Text to XML transformer and method

Info

Publication number: 20050177788
Type: Application
Filed: Feb 11, 2004
Publication Date: Aug 11, 2005
Inventor: John Snyder (Waltham, MA)
Application Number: 10/776,400

Abstract

A text to XML transformer has a transformer program having a number of executable statements. A processor executes the transformer program and converts the input text document into an XML document. The XML document may not contain every element that was in the input text.

Description

Description

FIELD OF THE INVENTION

The present invention relates generally to the field of computer systems and more particularly to the field of text to XML (extensible Markup Language) transformers and methods.

BACKGROUND OF THE INVENTION

XML (extensible Markup Language) has quickly become the standard for transferring business data between suppliers and customers and even within a company. XML is a subset of SGML (Standard Generalized Markup Language). Many legacy systems have outputs or require inputs that are text either structured text or semi-structured text. In order for these legacy system to share information with new XML based information systems it is necessary to convert the text output to XML. The traditional way companies solve this problem is to have their IT (Information Technology) group write a specific program to handle each situation. This means that the company now has to support these individualized programs for years to come. If the software programmer leaves the company, it can be difficult to discern why the program is no longer working. In addition, this solution is expensive and slow.
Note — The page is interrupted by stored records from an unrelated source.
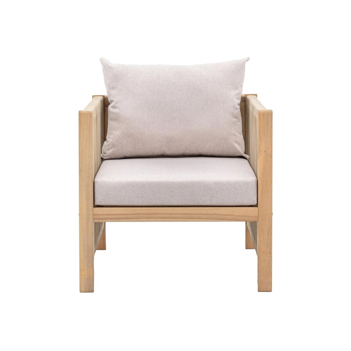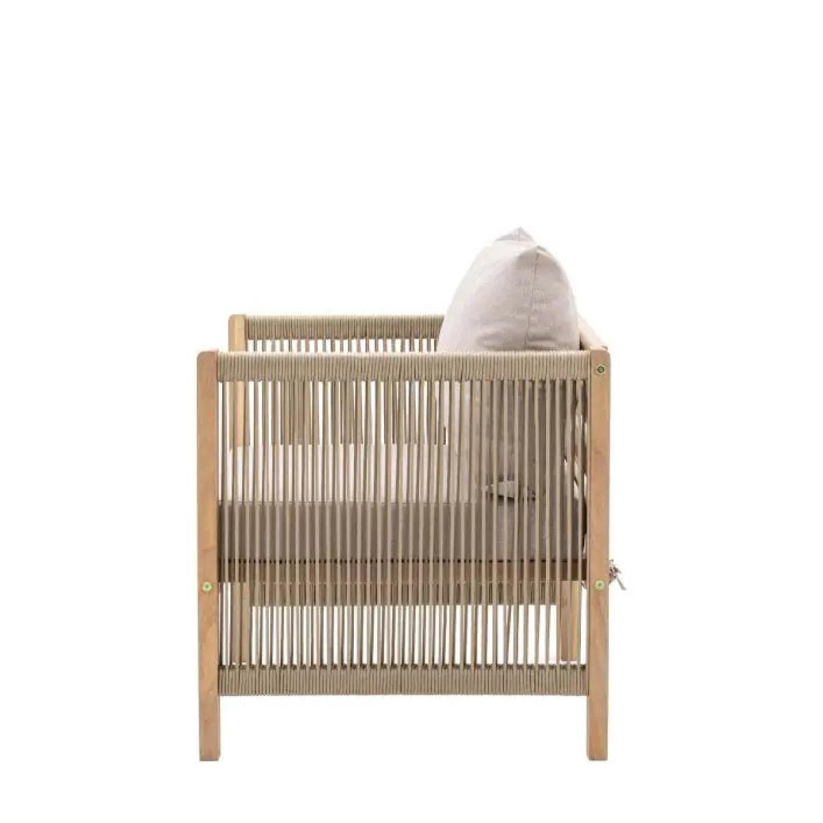 This elegant outdoor armchair, available in a convenient 2-pack, is crafted from durable Acacia wood and features a stunning rope-woven detail along the arms for added texture and style. This elegant outdoor armchair, available in a convenient 2-pack, is crafted from durable Acacia wood and features a stunning rope-woven detail along the arms for added texture and style.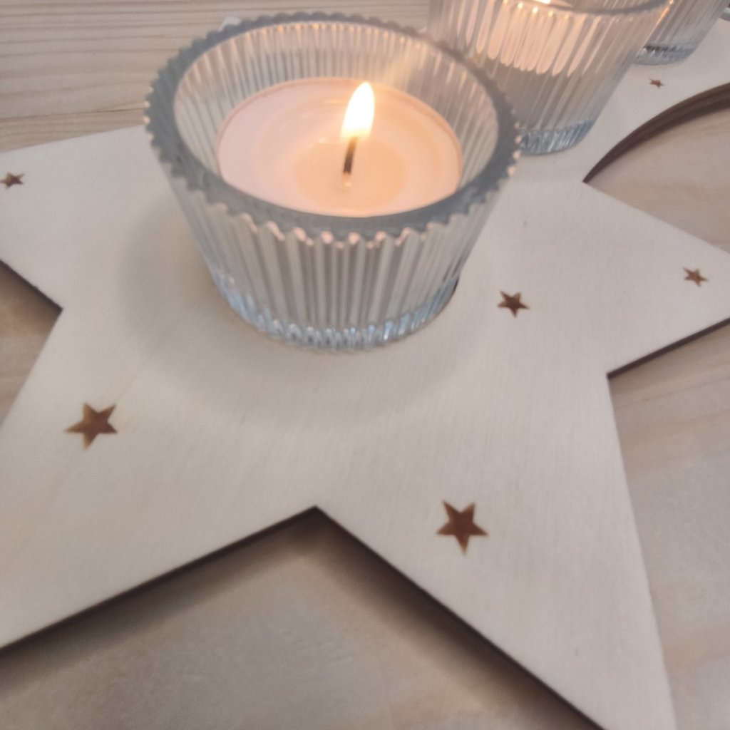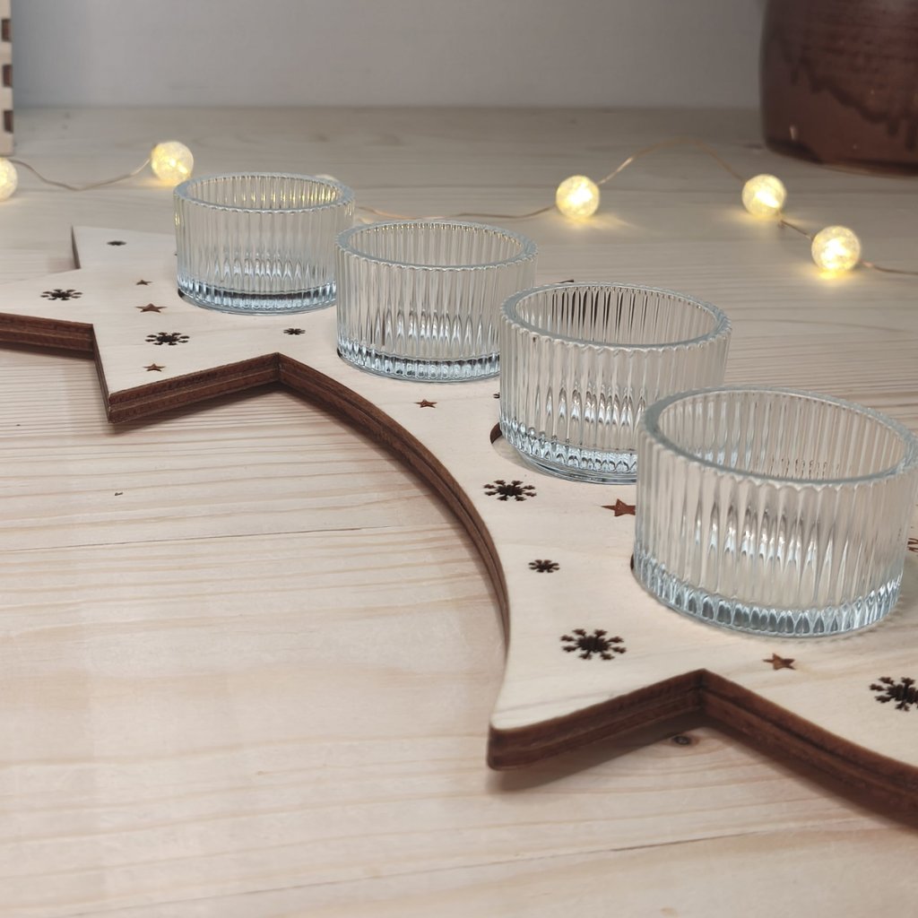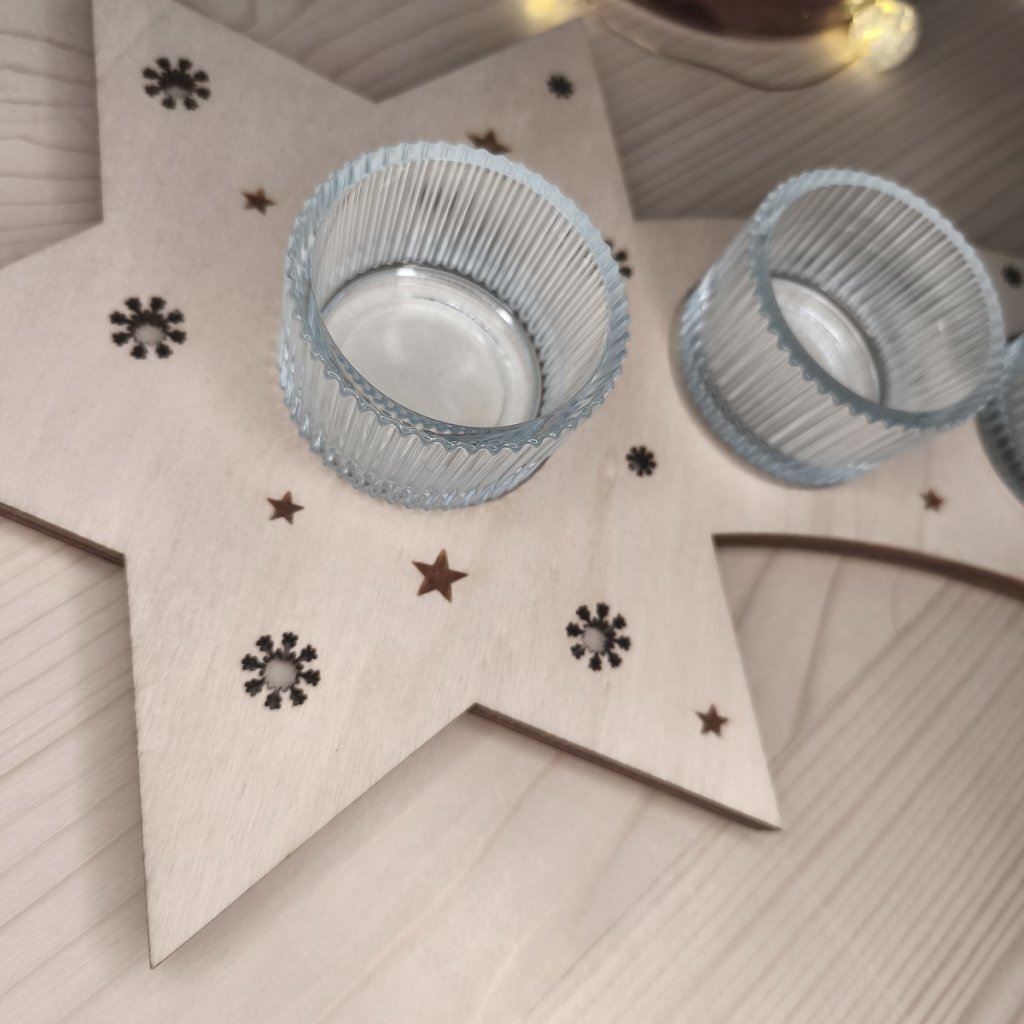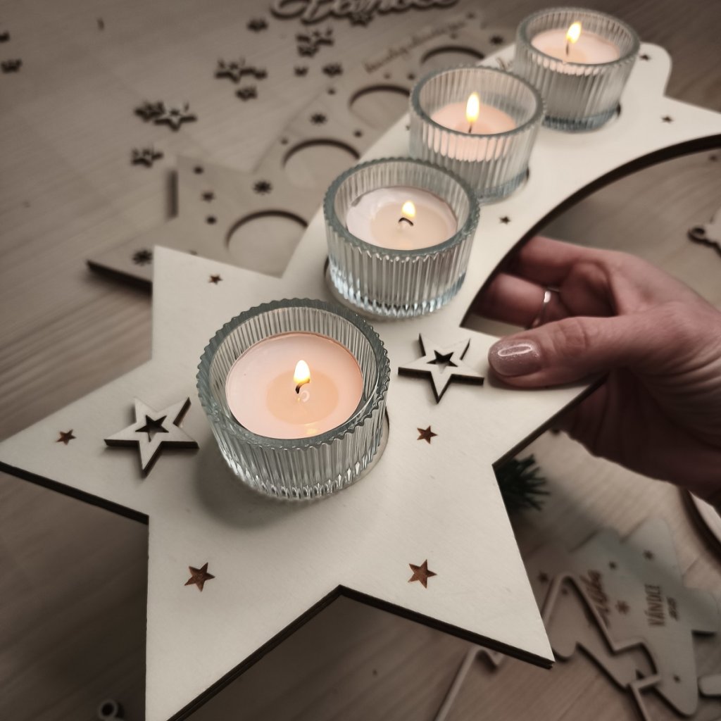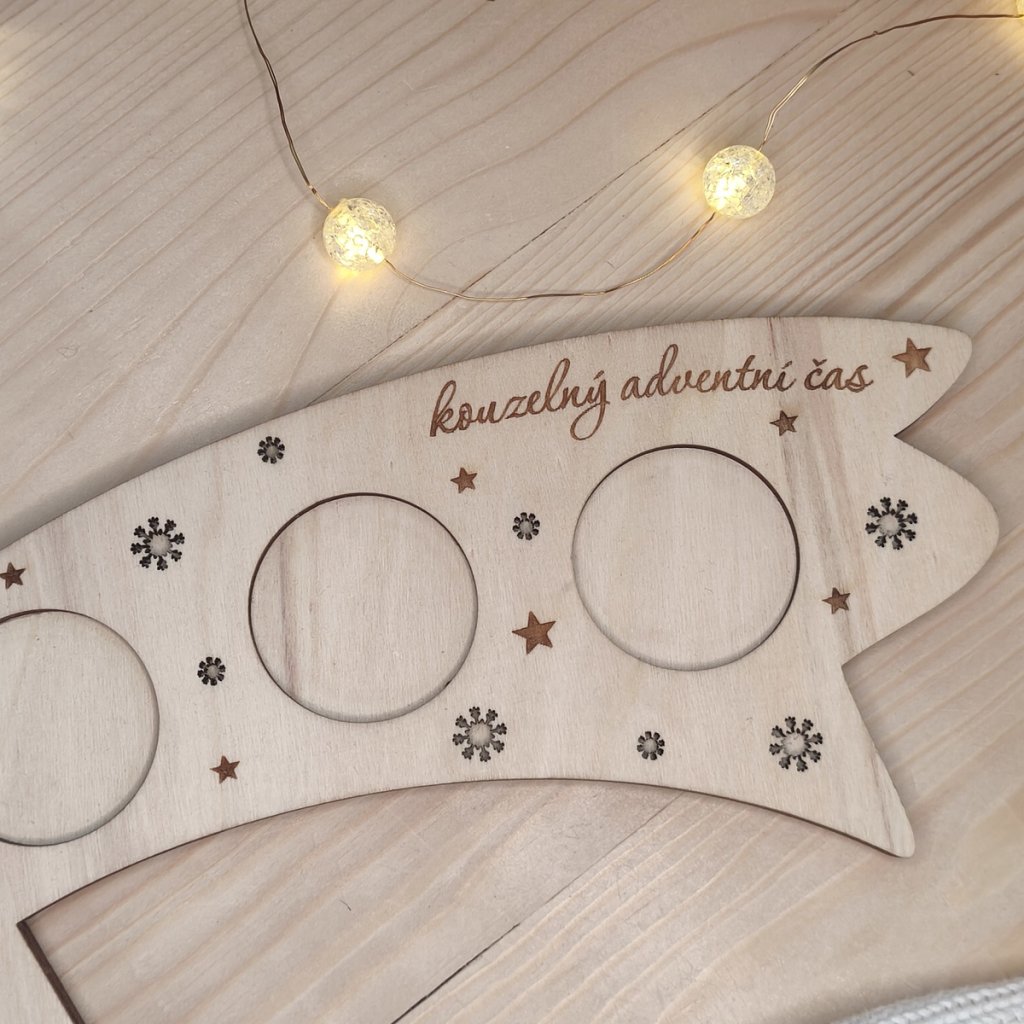 Dřevěný adventní svícen ve tvaru komety je jemná dekorace, která zpříjemní prosincové večery. Je určený na čtyři skleničky pro čajové svíčky – každá z nich symbolizuje jeden adventní týden.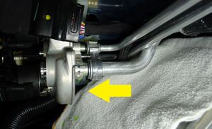 - Slide the powertrain coolant pump away from the A/C compressor, and off of the A/C compressor lower bracket.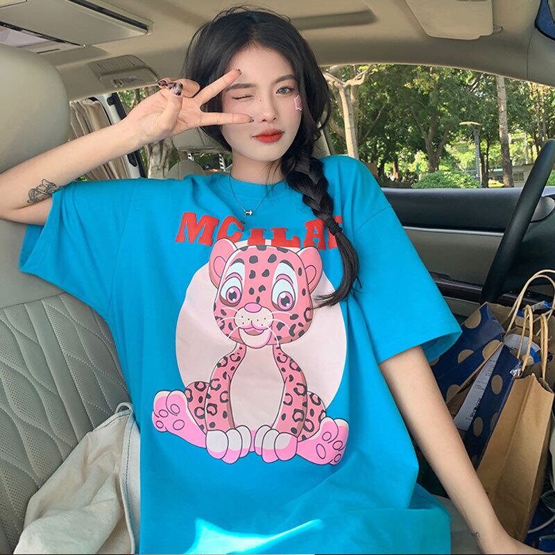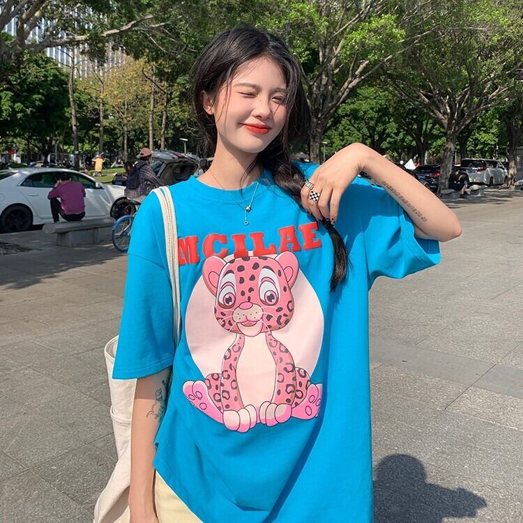 Blue tiger short-sleeved T-shirt women's design sense niche summer 2022 new chic Hong Kong-flavored cotton top ins tide レッド ブルー コットン サマー 夏物 Tシャツ s576186847814870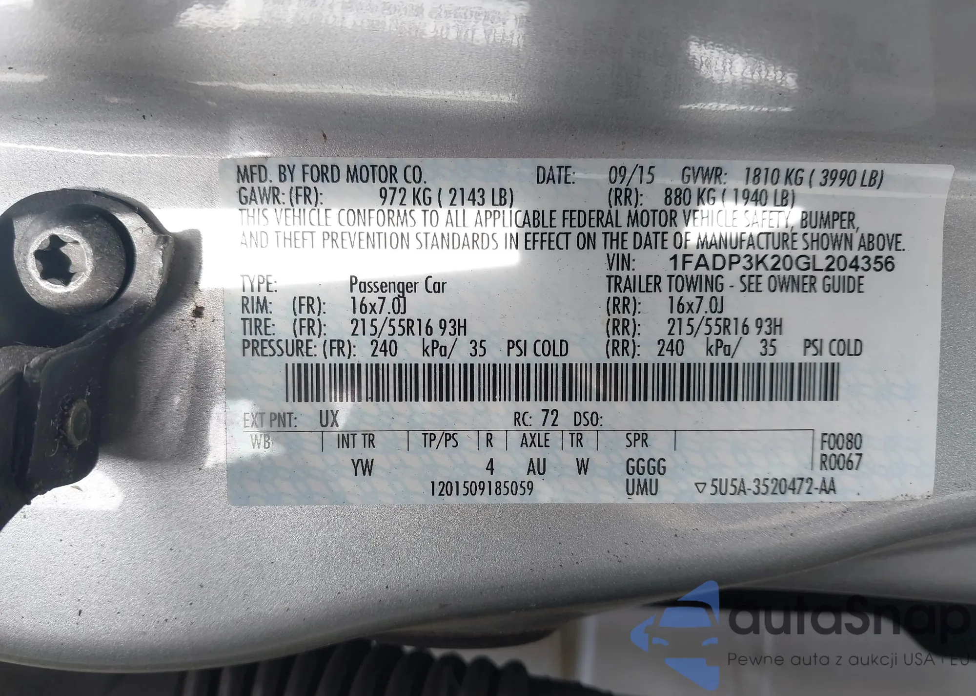 • VIN 3FA6P0LU9JR225965

Thus there exists a need for a system that is capable of converting text to XML, that provides a general format that is easy to use, allows the programmer to inexpensively develop a transformer and can quickly generate the required transformer.

SUMMARY OF INVENTION

A text to XML transformer that overcomes these and other problems has a transformer program having a number of executable statements. A processor executes the transformer program and converts the input text document into an XML document. The XML document does not contain every element that was in the input text. In one embodiment, the text document is a structured text document. In another embodiment, the text document is a semi-structured text document. In another embodiment, the input text document has at least two formats.

In one embodiment, the text to XML commands include a field separator command that defines a field separator in the text document. In one aspect of the invention, the field separator is a comma. In another aspect of the invention, the field separator is a regular expression. The text to XML commands may include a match command that requires a field in the input text document to match a character string or a record is skipped. In one embodiment, the text to XML commands include a tree hierarchy command.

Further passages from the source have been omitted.